第八十八話「商談」

 商談先は近かった。スクイを連れることを前提に家の近くで商談をセットしたのだろう。

 街の中では比較的綺麗な建物、こういった来賓との応接に使う建物の一室を抑えていたらしい。


 先程誘っておいてこの手際である。多少アビドの手のひらの上で踊らされた部分もありつつ、それも悪いことではないとスクイは感じていた。


「あと、一応言いますが兄貴」


 先方は既に到着しているらしい。

 アビドは扉を開ける前にこっそりとスクイに耳打ちする。


「外から来る行商人ってのは、どうも大柄なやつが多くてですね、つまり」


「ええ、心得てますよ」


 要は無礼な扱いを受けることを覚悟してほしいとのことだった。

 ホロもある程度は抑えようと気を引き締める。


「おせーんじゃねえの?」


 扉を開けると、真っ先に目につくのは派手な女性だった。

 ソファに腰掛けているのは彼女だけであり、あとは彼女の背後に3人立ち並ぶ。


 長く広げた青髪に露出の高い格好、それに反するようにダウナーな顔つきだったが、大きな声で軽蔑するように3人を見る。


「早く来たつもりでしたが、お早いお着きで」


 スクイ達も予定時間よりは早く来たものの、向こうはそれ以上に早く着いていた。

 そうやって負い目を作らせ商談を優位に進めるというのは珍しくないやり口である。


 そこに安易に謝罪の言葉を入れないのも、アビドのテクニックであろう。


「商品リストには目を通した。見積もりだ」


 青髪の女性は後ろの男にリストを出させる。

 ポリヴィティでは売値も買値もまず向こうが決めるようで、予めアビドは売る商品のリストを現物とともに提示、別で欲しい物のリストも提示していた。
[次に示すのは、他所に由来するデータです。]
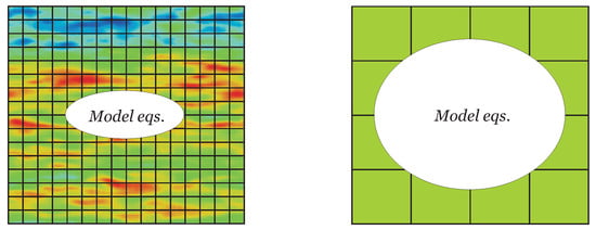 The different L settings applied in the RANS (LES) in conjunction with coarse (fine) computational grids have remarkable consequences, which are illustrated in Figure 3: the LES (RANS) concept is shown on the LHS (RHS). Due to the relatively large modeled viscosity, turbulent velocity fluctuations are not resolved in the RANS on coarse grids. All the turbulent motion is modeled, and we talk about modeled motion. In contrast, due to the relatively small modeled viscosity, turbulent velocity fluctuations are resolved in the LES on sufficiently fine grids. This means the LES involves two simulation ingredients: modeled motion represented by the equations applied and resolved motion represented by the resolved velocity fluctuations. Correspondingly, the RANS and LES simulation concepts show remarkable differences in simulations. The RANS methods are computationally very efficient because they run in steady mode, and coarse grids can be applied. However, in regard to separated turbulent flows (see the illustration in Figure 1), which are usually seen in applications involving solid boundaries, the RANS were found to provide unreliable turbulent flow predictions because of their inability to properly reflect instantaneous turbulence. There is a substantial amount of work aiming at the improvement of RANS predictions for separated flow by the involvement of machine learning methods. However, so far there is no convincing demonstration that such methods can overcome the typical RANS issues, see ref. [19]. The LES usually provides much more reliable predictions because of the ability to involve instantaneous flow. However, the need to apply a sufficiently fine computational grid makes the LES very often unaffordable for simulations of complex high- flows seen in reality: see Section 2.3.

 あまり合理的とはいえないが、連絡手段も乏しく、立場に差がある中で醸成されたやり方と思えばこのようなものになるのもあり得るのかもしれないとスクイは考える。


 アビドは見積もりを見ながら顔を顰める。

 良い条件は望むべくもないことは承知のはずの中、露骨に顔を顰めたことにホロは不思議に思ったが、一旦顔を顰めて文句をつけるのは前提だろうと思い直す。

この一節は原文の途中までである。